Detection of Apoptotic Circulating Tumor Cells Using in vivo Fluorescence Flow Cytometry

Abstract

Most cancer patients die from metastatic disease as a result of a circulating tumor cell (CTC) spreading from a primary tumor through the blood circulation to distant organs. Many studies have demonstrated the tremendous potential of using CTC counts as prognostic markers of metastatic development and therapeutic efficacy. However, it is only the viable CTCs capable of surviving in the blood circulation that can create distant metastasis. To date, little progress has been made in understanding what proportion of CTCs is viable and what proportion is in an apoptotic state. Here, we introduce a novel approach toward in situ characterization of CTC apoptosis status using a multicolor in vivo flow cytometry platform with fluorescent detection for the real-time identification and enumeration of such cells directly in blood flow. The proof of concept was demonstrated with two-color fluorescence flow cytometry (FFC) using breast cancer cells MDA-MB-231 expressing green fluorescein protein (GFP), staurosporine as an activator of apoptosis, Annexin-V apoptotic kit with orange dye color, and a mouse model. The future application of this new platform for real-time monitoring of antitumor drug efficiency is discussed. © 2018 International Society for Advancement of Cytometry.

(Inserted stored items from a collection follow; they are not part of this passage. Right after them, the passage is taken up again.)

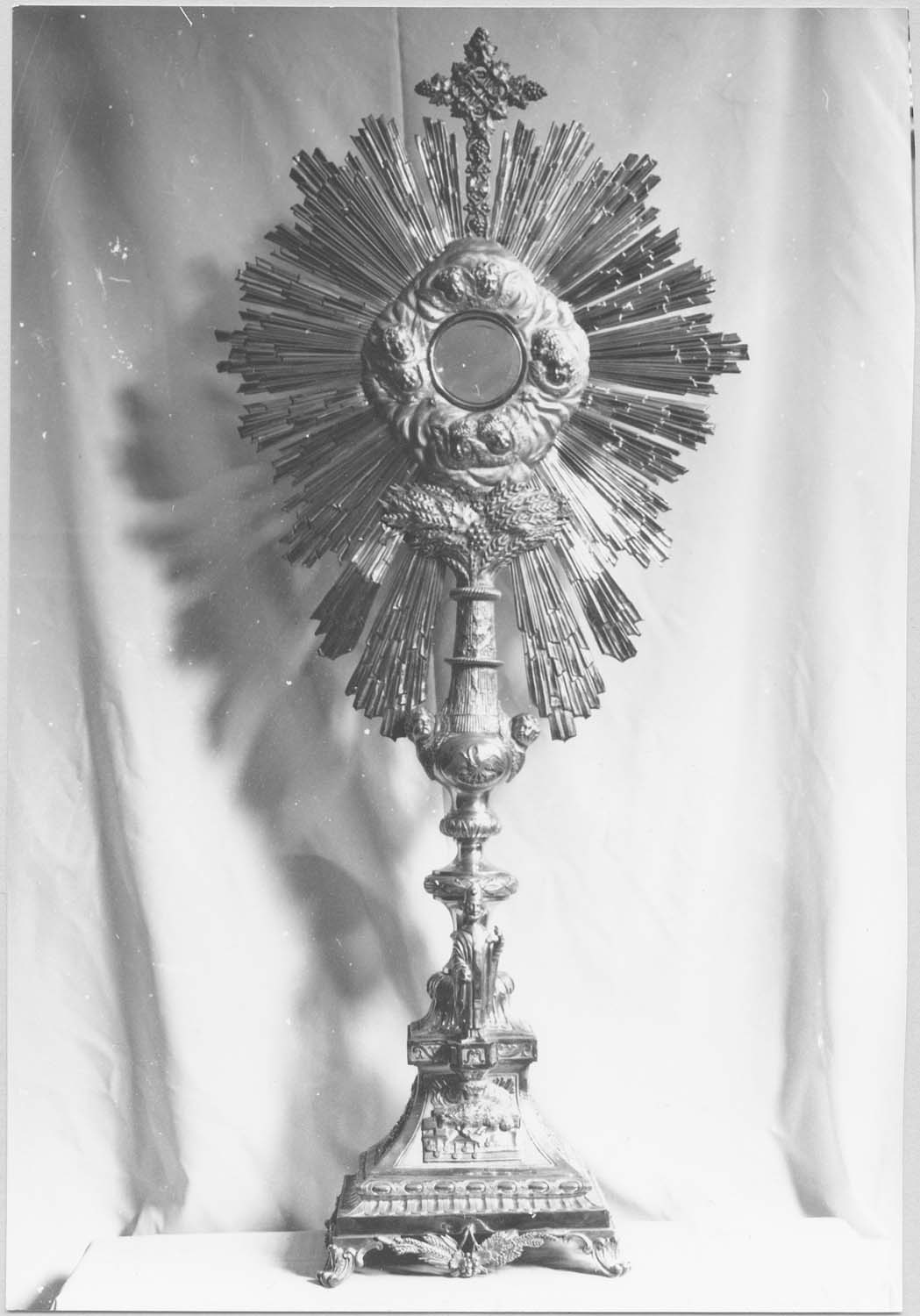La base rectangulaire est posée sur quatre patins végétaux. Le fût est très élancé, à balustre. Cet ostensoir est décoré de trois diamants (il en comportait cinq à l'origine). Au sommet se trouve une croix latine.
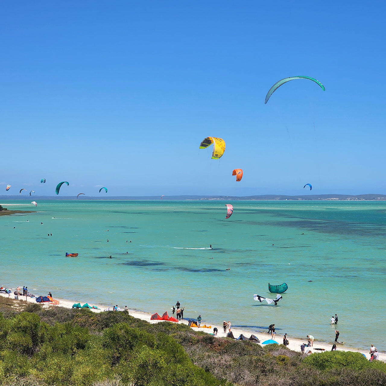 We kitesurf, and we're friends with the kitesurfing schoolsBoth Obsession Kiting and Kitelab in Langebaan offer comprehensive kiteboarding lessons for all skill levels,Book a downwind run from Shark Bay to Mykonos.
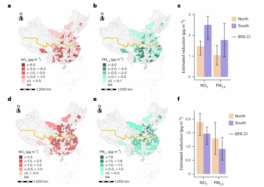 研究核心发现,充电量每提升10%,NO₂降低约0.08%,PM2.5降低约0.04%。在2016年至2023年的8年间,全国NO₂和PM2.5的下降趋势中,,电动汽车的使用分别贡献了约41%和17%。特别是在极端低温(低于7℃)的条件下,环境效益更为显著——NO₂可降低0.45%,PM2.5降低0.4%。南方城市因电动汽车利用率更高,减排效果优于北方。研究同时发现,电动汽车使用对(O₃)整体无显著影响(图2展示了因果推断的回归结果)。
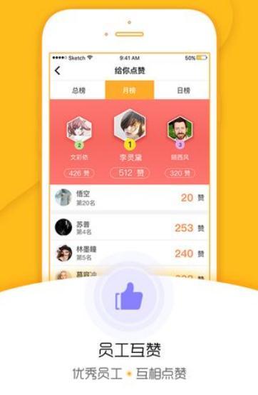 3、朋友多多,随时给你的同事点赞,互动简单。
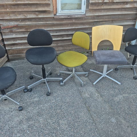 Fra 200kr til 500kr pr stk. Den ene er defekt. De andre virker perfekt. Drejestol arbejdsstol kontorstol
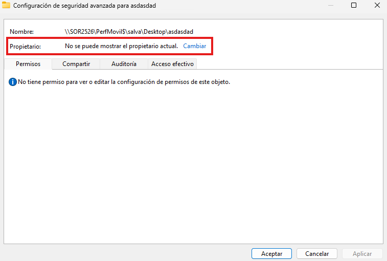 Para poder acceder a la carpeta de un tercero siendo administrador deberemos cambiar los permisos de dicha carpeta.
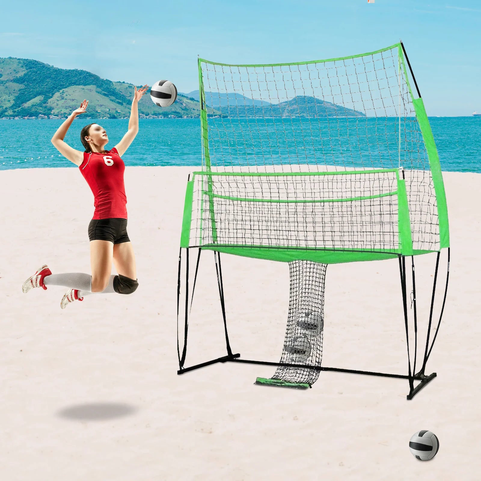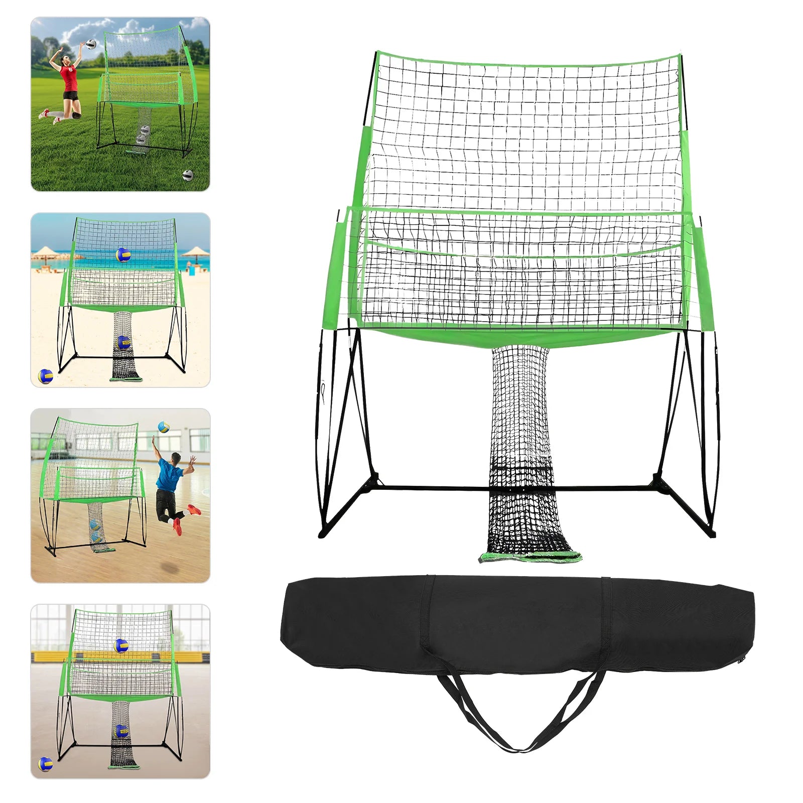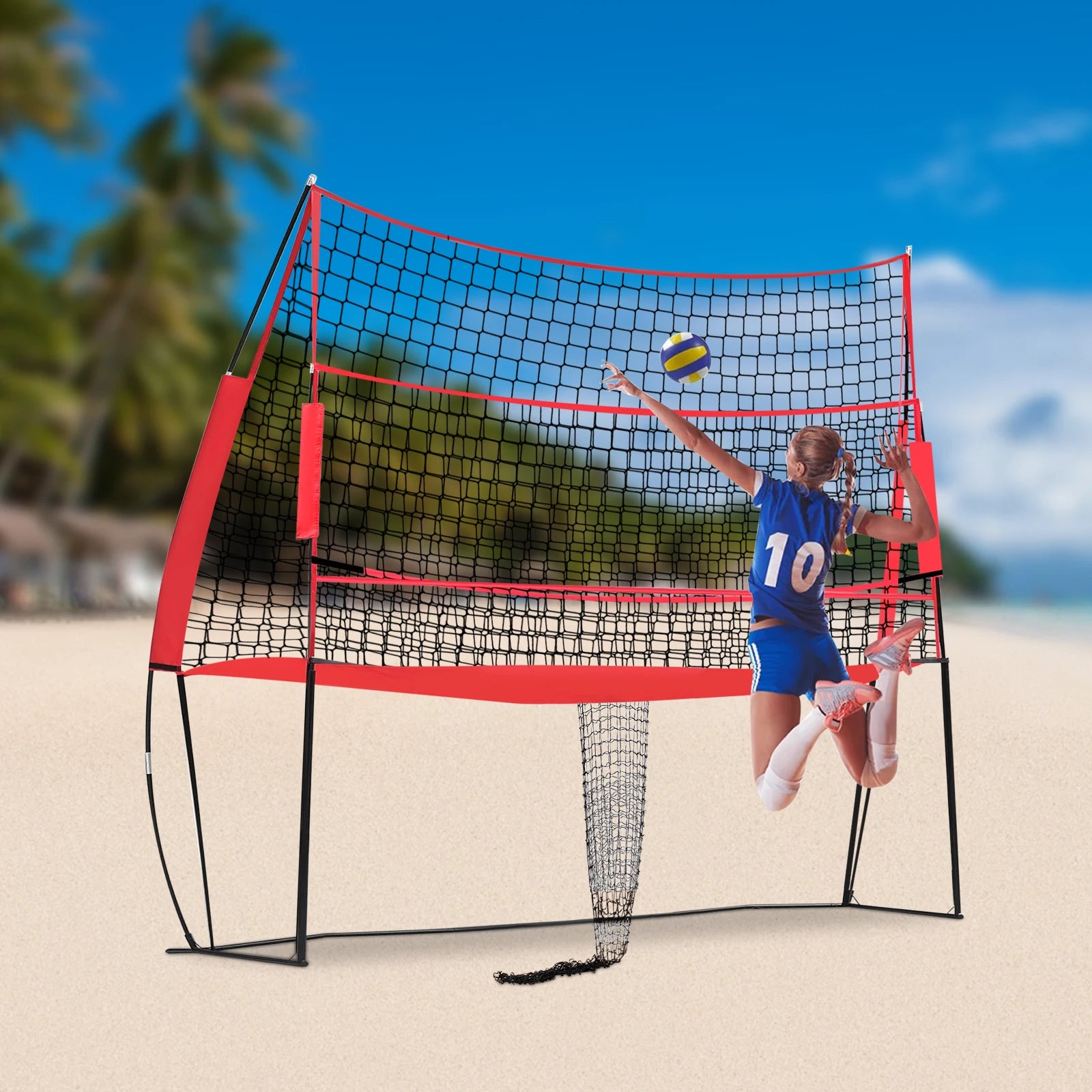 This volleyball training net measures 2.44 by 3.35 meters and features an adjustable front net height of 1.98m to 2.4m (6.5ft to 8ft), suitable for users of all ages. Constructed from durable nylon and iron with double stitching and baking paint, it offers excellent resistance to corrosion, rust, and wear for long-lasting use. Designed for versatility, it supports volleyball, badminton, and tennis training. The removable back net and ball collection hole simplify retrieval, while the simple assembly requires no tools. Included carrying bag makes transport and storage convenient for home, gym, or outdoor practice.

Keywords: apoptosis; circulating tumor cells; fluorescence flow cytometry; in vivo detection of circulating tumor cells.

Figure 1.

In vivo Fluorescence Flow Cytometry (FFC) Diagnostic Platform Schematic. A. The in vivo schematic for detection of viable and apoptotic CTCs using FFC. B. Excitation and Emission spectrum of GFP (CTC label) and Annexin-V-PRE (apoptotic CTC label). C. The expected fluorescence signal from the photodetector for viable CTCs, apoptotic CTCs, and apoptotic non-CTCs.

Figure 2.

In Vitro Cell Viability Testing of Cells Treated With Staurosporine. Two assays were used to determine cell viability of MDA-GFP cells after the treatment of 25 μg/mL of Staurosporine. Fluorescence microscopy (A) was performed using Annexin-V-RPE to visualize cells undergoing apoptosis. The trypan blue exclusion assay (B) was used to determine the overall viability of treated cells compared to untreated control cells at 3 time points (1,3, and 24 hours).

Figure 3.

In Vitro Fluorescent Flow Cytometry (FFC) detection of apoptotic mimic CTCs. Using a 50 μM capillary tube was performed on control MDA-GFP cells (A) and Staurosporine treated MDA-GFP cells (B). Each group was incubated with Annexin-V-RPE (orange) before FFC was performed. On the left, fragments of each FFC trace are shown with the green fluorescence trace on top and the orange fluorescence trace on the bottom. 2D analysis of each trace is represented on the right with orange fluorescence on the y-axis and green fluorescence on the x-axis.

Figure 4.

Monitoring of Ex Vivo labeled MDA-GFP cells using In Vivo Fluorescence Flow Cytometry (FFC). Control MDA-GFP cells (A) and MDA-GFP cells treated with Staurosporine (B) for 30 min were labeled with annexin-V-RPE (orange) Ex Vivo and then injected (i.v) into a mouse. In Vivo FFC was used to monitor a vessel in the ear of the mouse.

Figure 5.

In Vivo detection of apoptotic circulating blood and tumor cells using FFC. A 50-μm mouse ear vessel was monitored using our in vivo FFC platform. Annexin-V-RPE (A) or Annexin-V-RPE and 25 μg/mL of starurosporine (B) was injected intravenously (i.v.) and orange fluorescent signal was observed. Then Annexin-V-RPE and MDA-GFP cells that had previously been incubated with 25 μg/mL of staurosporine (C) were intravenously injected into the mouse. Green (top) and orange (bottom) fluorescent signal was observed. The inset shows a coincidental peak that occurred in both the orange channel and the green channel.